What to produce – Using only the entries below, output the lines starting at the one containing "ポケモン風あだ名 | 『ヒタイヨウドウインサツ』『タイヨダネ』 |" and ending at the one containing "Дан двумерный массив", exactly and inclusive of both, omitting the pictures.

(Saved data entries)
_ _ _
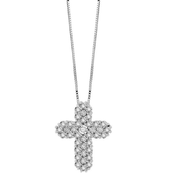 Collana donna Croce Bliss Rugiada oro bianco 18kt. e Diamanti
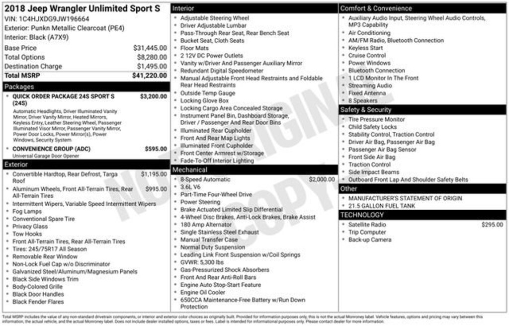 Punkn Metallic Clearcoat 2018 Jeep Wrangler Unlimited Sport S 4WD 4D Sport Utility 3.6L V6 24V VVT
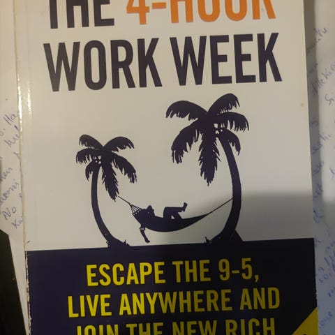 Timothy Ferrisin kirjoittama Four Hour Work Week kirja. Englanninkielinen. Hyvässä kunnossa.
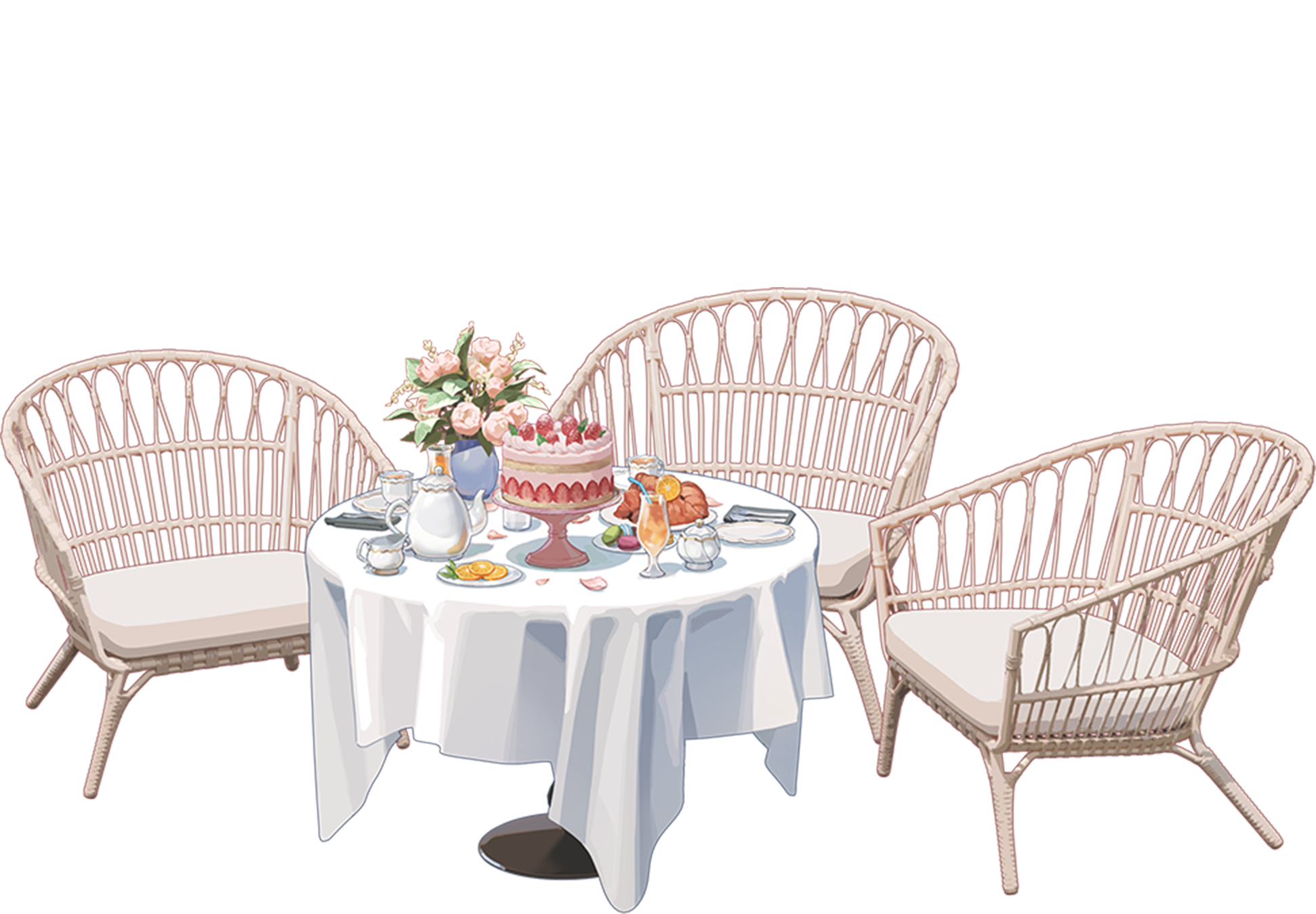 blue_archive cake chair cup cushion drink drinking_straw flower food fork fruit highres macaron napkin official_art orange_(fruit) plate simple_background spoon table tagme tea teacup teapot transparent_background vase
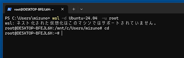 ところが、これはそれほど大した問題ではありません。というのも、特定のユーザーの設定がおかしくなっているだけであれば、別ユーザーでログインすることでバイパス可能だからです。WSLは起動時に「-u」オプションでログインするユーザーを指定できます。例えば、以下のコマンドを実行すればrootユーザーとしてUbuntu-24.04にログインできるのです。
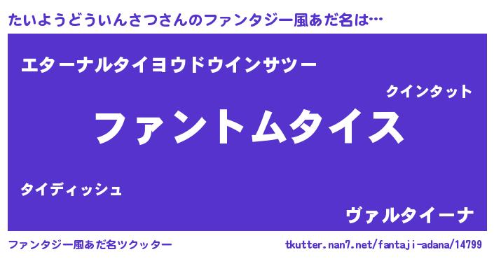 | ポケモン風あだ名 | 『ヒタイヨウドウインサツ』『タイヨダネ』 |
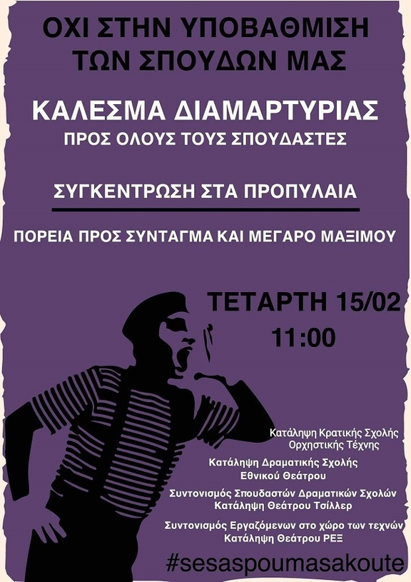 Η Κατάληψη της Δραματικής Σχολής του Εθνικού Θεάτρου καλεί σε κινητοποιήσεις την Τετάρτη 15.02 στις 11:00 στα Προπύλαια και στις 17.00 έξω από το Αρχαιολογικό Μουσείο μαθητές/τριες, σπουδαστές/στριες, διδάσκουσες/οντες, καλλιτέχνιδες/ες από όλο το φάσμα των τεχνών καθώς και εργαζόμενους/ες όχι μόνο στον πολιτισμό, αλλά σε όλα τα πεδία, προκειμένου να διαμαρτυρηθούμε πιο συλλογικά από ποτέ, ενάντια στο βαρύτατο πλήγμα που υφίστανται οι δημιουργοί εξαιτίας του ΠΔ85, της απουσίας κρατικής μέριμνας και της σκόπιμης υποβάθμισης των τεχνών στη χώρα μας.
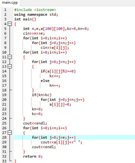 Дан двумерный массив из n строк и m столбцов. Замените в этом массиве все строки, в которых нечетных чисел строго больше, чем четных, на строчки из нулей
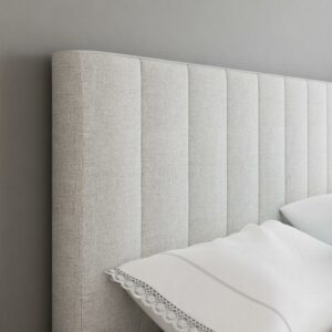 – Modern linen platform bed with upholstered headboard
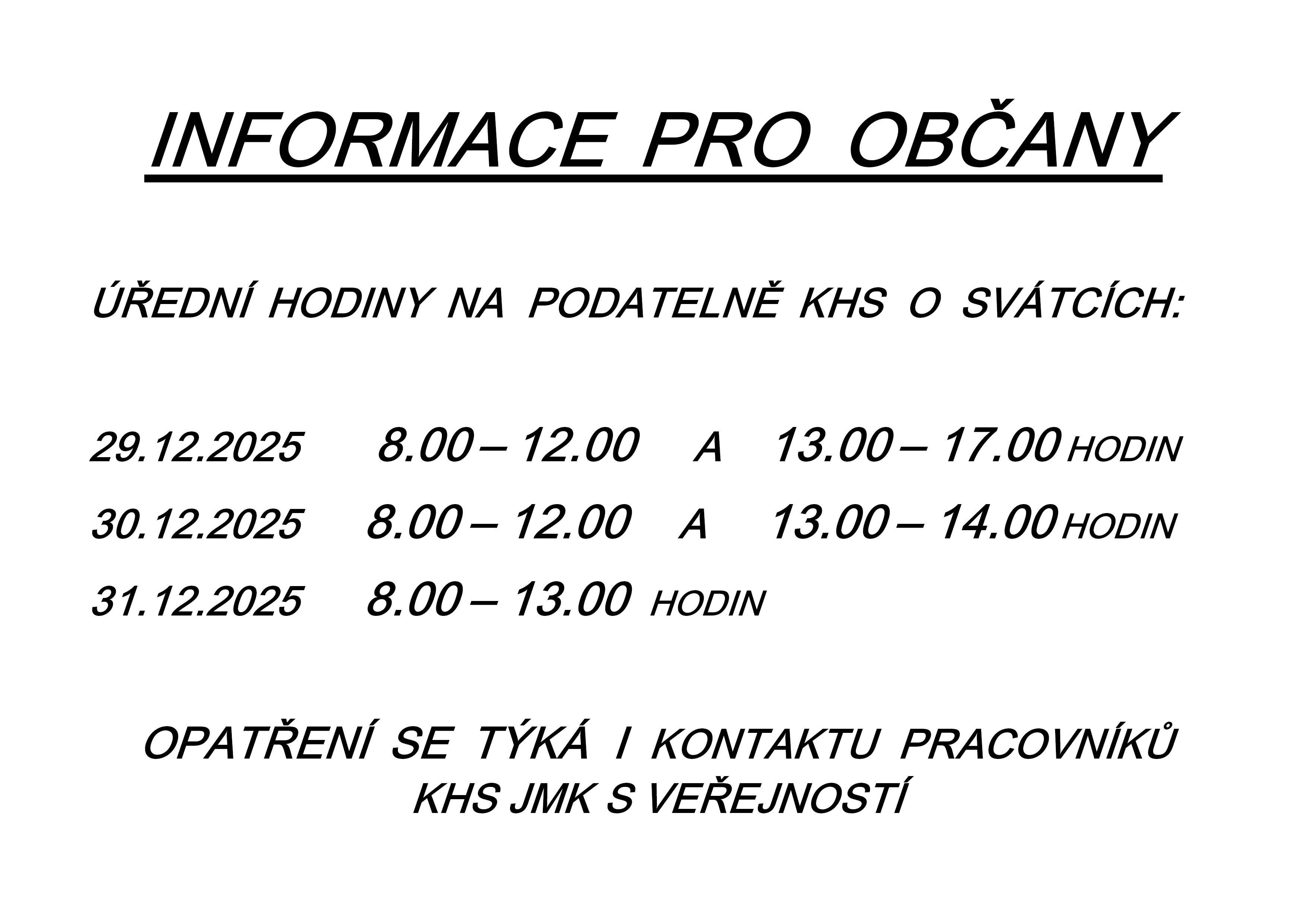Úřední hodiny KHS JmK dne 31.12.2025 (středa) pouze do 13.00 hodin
_ _ _
Written reply –
 | ポケモン風あだ名 | 『ヒタイヨウドウインサツ』『タイヨダネ』 |
 Η Κατάληψη της Δραματικής Σχολής του Εθνικού Θεάτρου καλεί σε κινητοποιήσεις την Τετάρτη 15.02 στις 11:00 στα Προπύλαια και στις 17.00 έξω από το Αρχαιολογικό Μουσείο μαθητές/τριες, σπουδαστές/στριες, διδάσκουσες/οντες, καλλιτέχνιδες/ες από όλο το φάσμα των τεχνών καθώς και εργαζόμενους/ες όχι μόνο στον πολιτισμό, αλλά σε όλα τα πεδία, προκειμένου να διαμαρτυρηθούμε πιο συλλογικά από ποτέ, ενάντια στο βαρύτατο πλήγμα που υφίστανται οι δημιουργοί εξαιτίας του ΠΔ85, της απουσίας κρατικής μέριμνας και της σκόπιμης υποβάθμισης των τεχνών στη χώρα μας.
 Дан двумерный массив из n строк и m столбцов. Замените в этом массиве все строки, в которых нечетных чисел строго больше, чем четных, на строчки из нулей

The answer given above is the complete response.